В издательстве «Молодая гвардия» накануне нового года вышел новый том книжной серии «Жизнь замечательных людей. Биография продолжается…». 34-я по счету книга серии посвящена первому президенту Татарстана, ныне госсоветнику РТ Минтимеру Шаймиеву. «Реальное время» с разрешения издательства публикует выдержки из новой книги.

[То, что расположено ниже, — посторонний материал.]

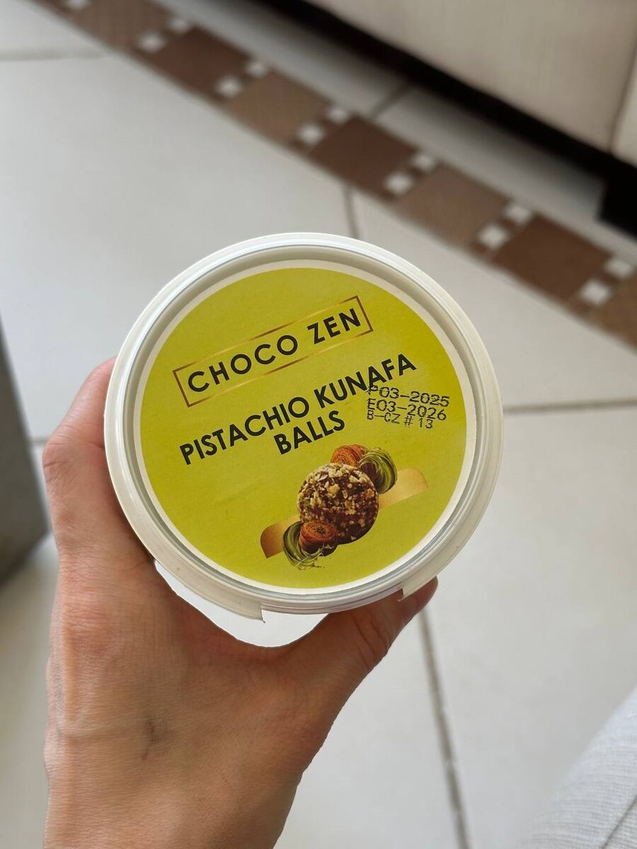 Купила этот десерт. Оказывается это шарики из фиников, а внутри фисташковая паста с катаифи. Для меня чень сладко.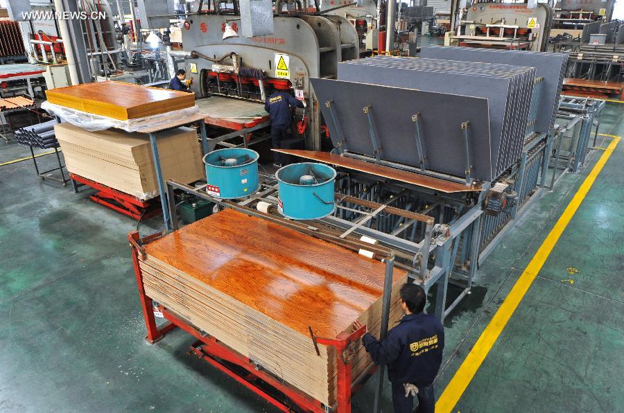 Staff members work at a production line of a wood facory in the Nanxun District of Huzhou City, east China's Zhejiang Province, Dec. 26, 2014. In order to break out the bottleneck of economic development, a series of technical transformation was launched in traditional manufacturing industry in the Nanxun District of Huzhou in 2014. (Xinhua/Tan Jin)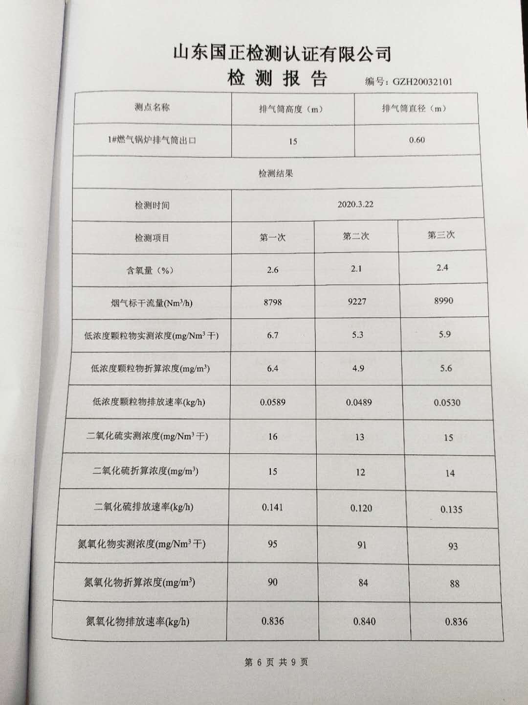 | 內容 | 排放物種類及性質:二氧化硫、氮氧化物 總量控制指標:二氧化硫19.72噸/年,氮氧化物17.98噸/年 年排放量:二氧化硫19.72噸/年,氮氧化物17.98噸/年 日排放量:二氧化硫65.7kg,氮氧化物59.9kg 排放濃度:二氧化硫200mg/立方米,氮氧化物250mg/立方米 排放方式:間歇 排放去向:大氣 | |||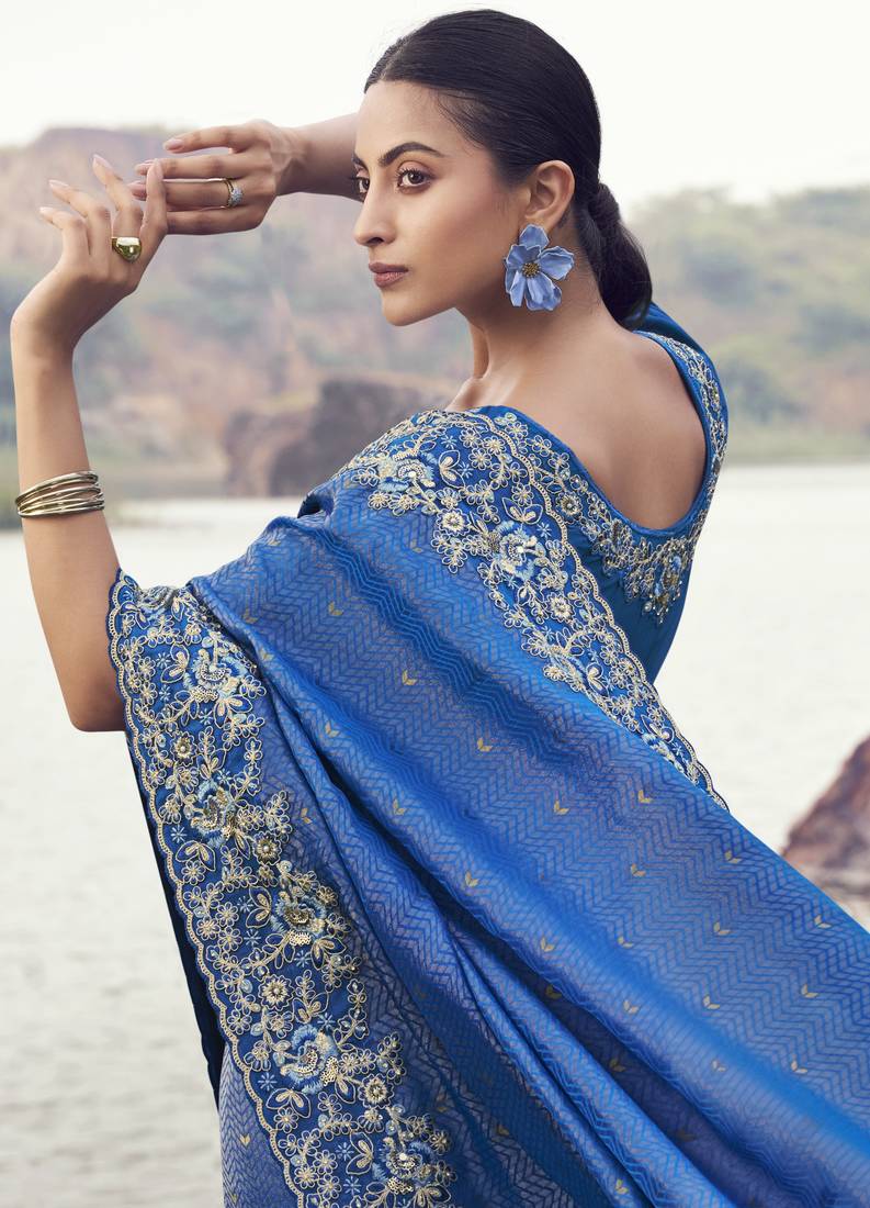 | Product Description | This Elegant Royal Blue Satin Silk Jacquard Saree From The Varenya Collection Is Crafted For Premium Festive And Wedding Wear. The Rich Jacquard Weave And Pure Satin Blouse Enhance The Luxurious Drape, Making It Ideal For Receptions, Sangeet, And Celebrations. |

Работа, игры — это все замечательно, но все-таки главным для Минтимера была школа. С первых лет учебы у него укрепилась привычка к дисциплине, и ему до сих пор становится не по себе, если он видит, что кто-то исполняет свои обязанности спустя рукава, кое-как. Но убежден: ничего бы в жизни у него не получилось, если бы не замечательные школьные учителя! Действительно, во многом наши судьбы зависят от того, кто первым дал нам знания, прививал любовь к учению.

Учительниц в деревне принято звать «апа» — «тетя». Первой учительнице Минтимера Хадиче Ахмадуллиной (1925— 2013) было тогда 18 лет, в 1944 году она окончила Поисевскую среднюю школу, ее сразу назначили учительницей начальных классов в соседнюю деревню Аняк. В то же время она поступила на заочное отделение Мензелинского педучилища.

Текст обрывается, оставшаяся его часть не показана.